The fighting scenes were good, though nothing exceptionally special except for the climactic fight on the cruise ship that was pretty cool and big and felt like the final loop on a rollercoaster. I watched this movie this time with my wife and kids, my wife is a huge – HUGE – Gary Oldman fan, so she’d seen the movie before, but it had been long enough that watching it again seemed appealing. After the big fight she checked out, which I couldn’t blame her, the movie went on for a bit too long, but it’s still a fun ride. My kids really liked it, they thought it was funny, and my boy, who usually needs constant action, had his attention kept by the movie and the way it moved fast and had plenty of humor and action sprinkled throughout.
Of course Ruby Rhod steals the show anytime he’s on the screen. Seriously, what happened to Chris Tucker, that guy was hilarious! My kids loved him and when he’s introduced it’s like your suddenly starting a whole new movie – not a different movie, because the frenetic comic book feel is still there, but you’re suddenly shown a guy with so much energy that it’s contagious and you don’t feel like you’ve been watching a movie for an hour or so. Instead, you feel like you just started it. I can’t say the movie would have been helped by Ruby Rhod being introduced earlier, because I could easily see the guy becoming annoying.
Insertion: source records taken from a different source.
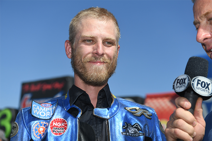 A feel-good opening round for Cory Reed, who claims his first win light since returning to Pro Stock Motorcycle after two years and 10 surgeries following a two-bike wreck in Charlotte with teammate Joey Gladstone. He's riding Gladstone's motorcycle here for Reed Motorsports and J&A Service.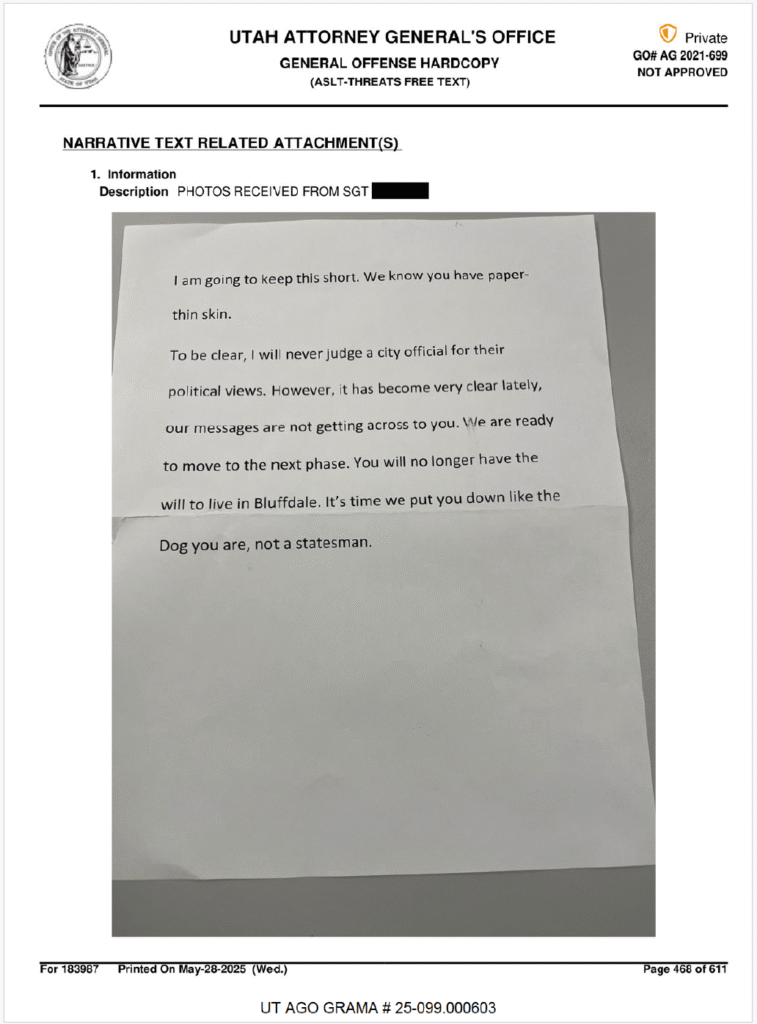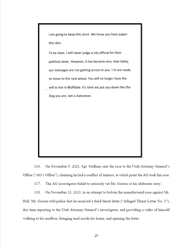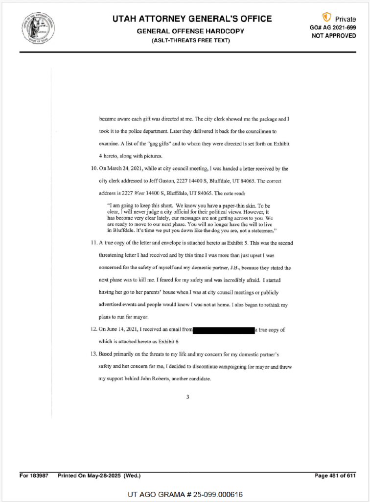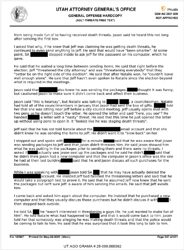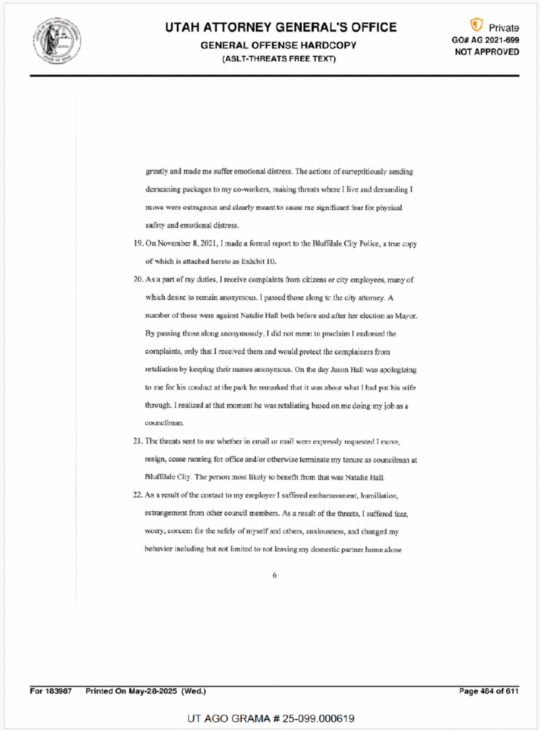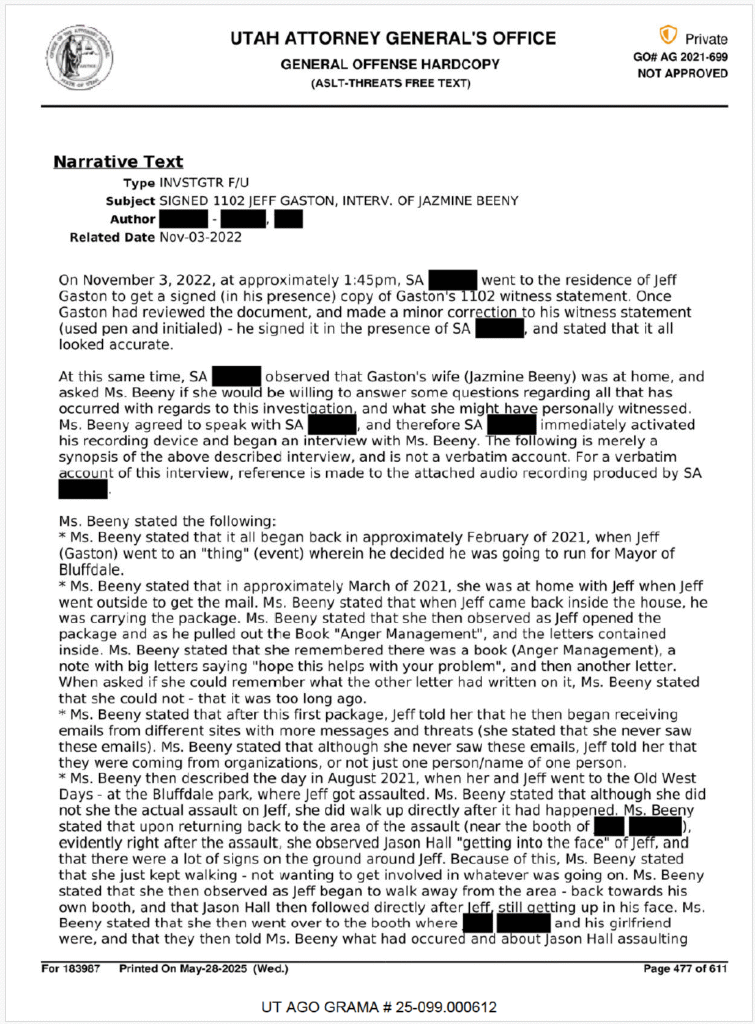 - 1 November to 3 November 2023 Emails between Bluffdale City Police and the Utah Attorney General’s Office stating that Jeff Gaston gave the police the two March 2022 threat letters within a couple of days of receiving them, directly refuting Natalie and Jason Hall’s claim that he waited 8 months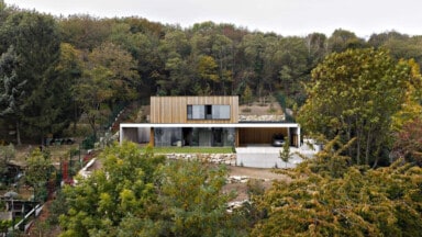Protáhlý lichoběžníkový pozemek o rozloze přes 1200 metrů čtverečních se nachází v klidné okrajové zóně bratislavské čtvrti Dúbravka. Dům, který tu vyrostl, staví na principech přiznaných konstrukcí a harmonického souznění s okolním prostředím. Pozemek pozvolna spadá od okraje listnatého lesa směrem k východu a ze severní strany je lemován příjezdovou…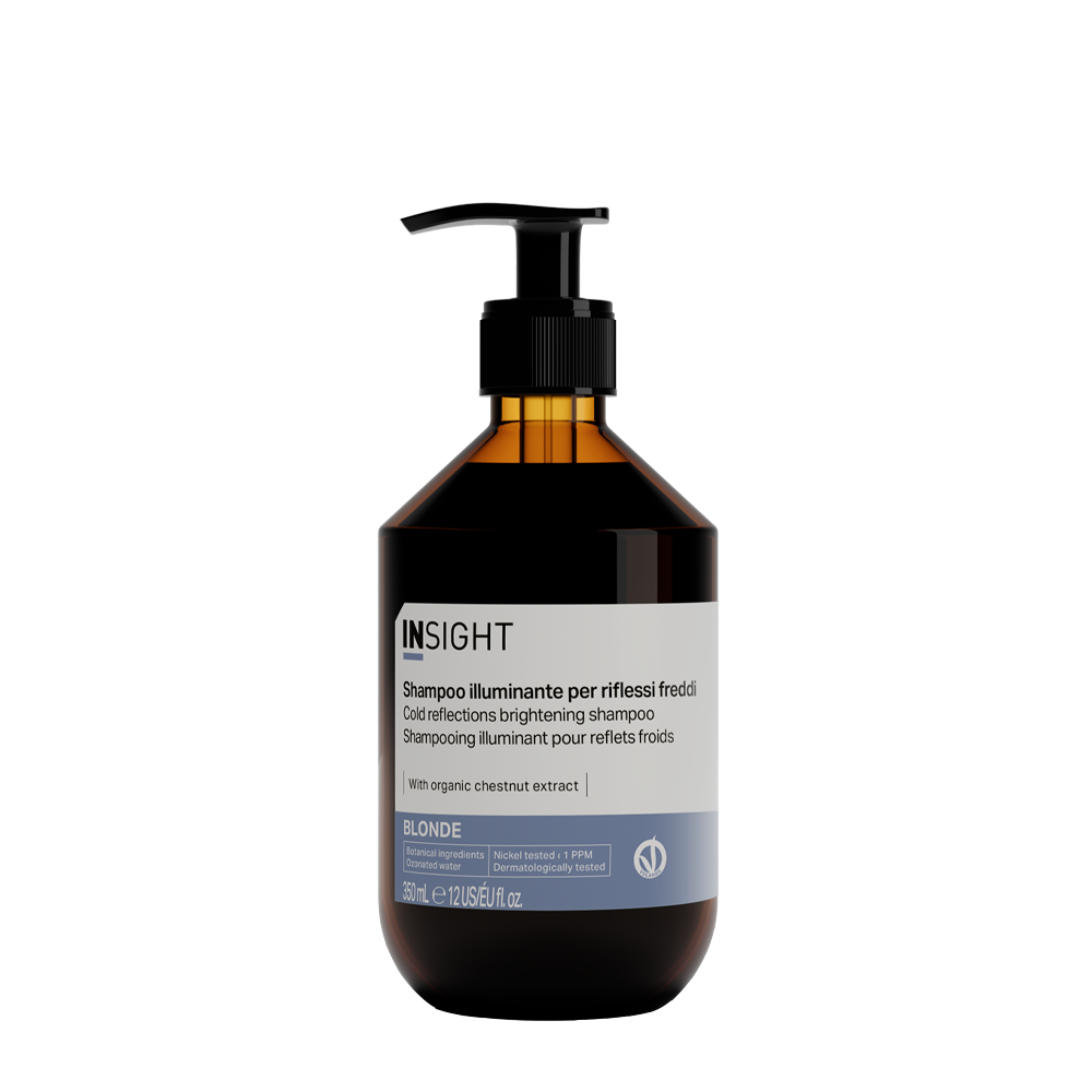 INSIGHT ( Инсайт ) Разработан с целью поддержания холодных оттенков на ранее осветленных волосах, за счет нейтрализации желто-оранжевых пигментов. pH 4.50-4.90 Специальная формула шампуня разработана с целью поддержания холодных оттенков на ранее осветленных волосах. Органические компоненты продукта максимально ухаживают за волосами, при этом дарят блеск и эластичность.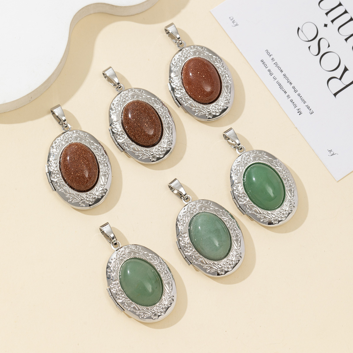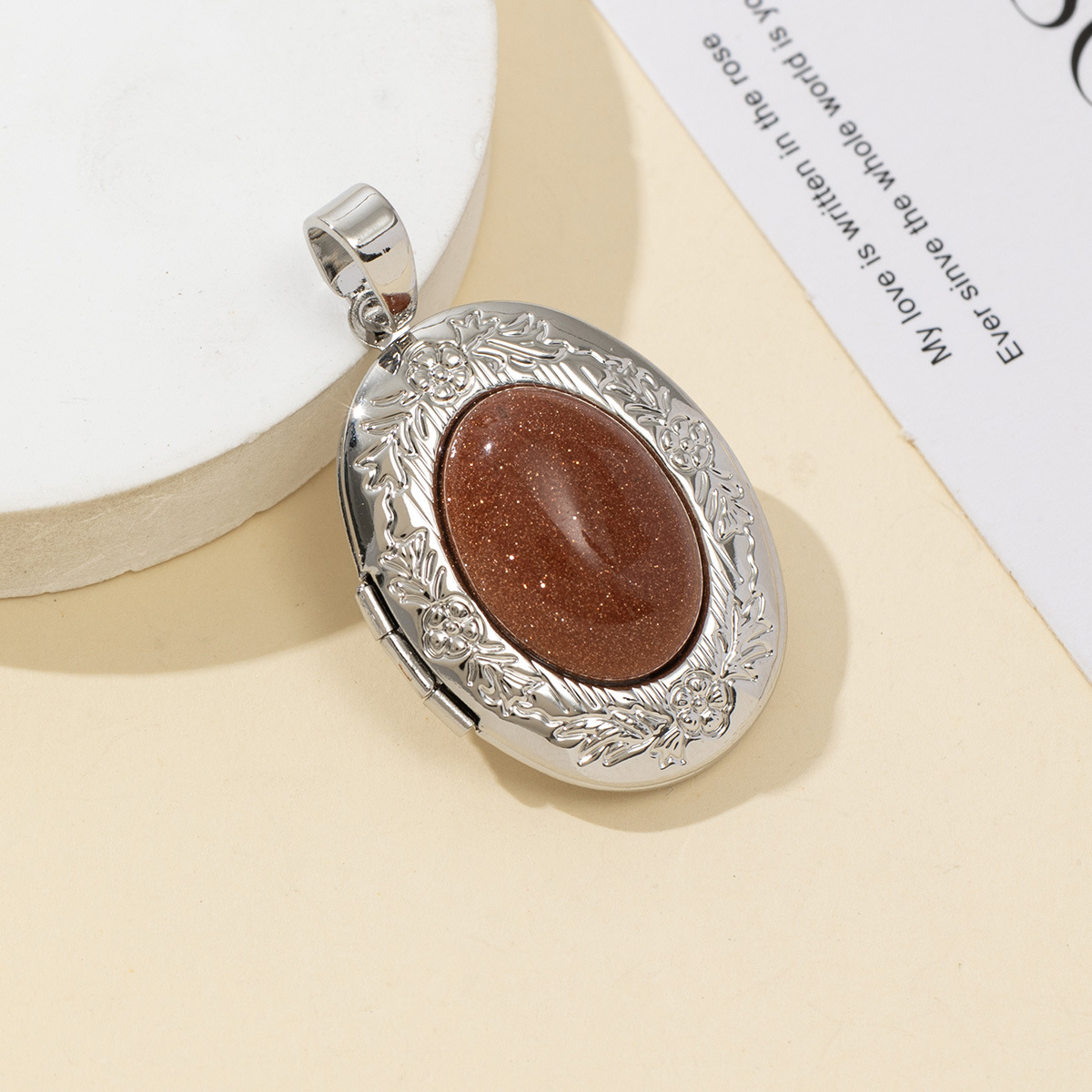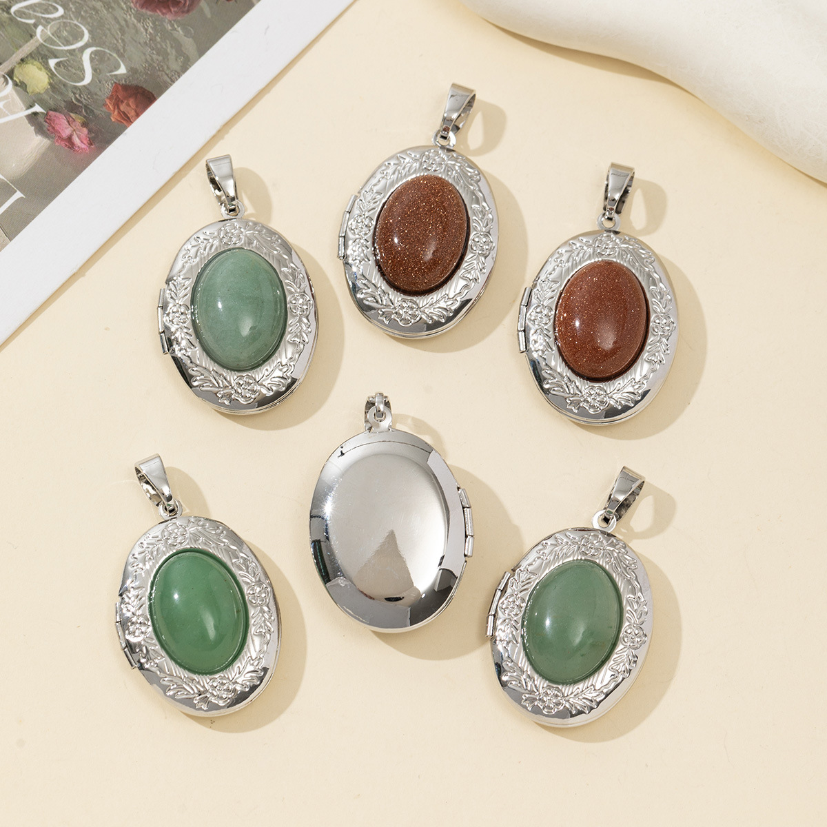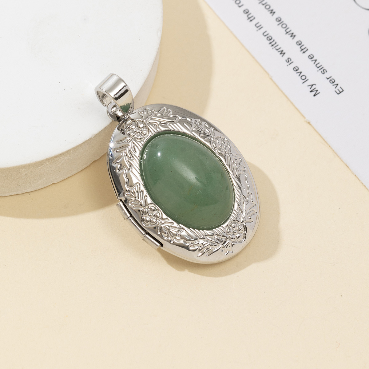 Gemstone Pendantifs en laiton, pierre gemme, avec laiton, ovale, Placage de couleur platine, plus de couleurs à choisir, 35-38x53-57x6-8mm Environ 5mm, Vendu par PC

Still, if the movie could have managed a way to keep the energy up throughout the movie, the way it does when Chris Tucker is on the screen, it would have been amazing.
The main thing the movie needed, a movie about love saving the world, was heart. The Fifth Element had good writing, fine acting, great effects and sets, a good idea for the story, but it just didn’t have the heart that a movie like Close Encounters had. Sure the effects of The Fifth Element were great to look at, but so were the effects in Close Encounters. The difference being that the majority of Close Encounter effects were the pay off – the alien ship was the whole thing everything in the movie was driving towards, and what did they have to do until the ship showed up? Nothing much, just tell a story is all. The Fifth Element on the other hand, is about having fun, it’s about the journey and not the destination.
These are two sci-fi movies that could not be any further apart, but are still good in their own way, and they help show the vast openness of the sci-fi genre; a sci-fi story can be full on fun science fiction, while another sci-fi story can be a powerful and emotional drama about life. Is it the genre that opens itself up for such stories or is it the storytellers who see the potential and use it?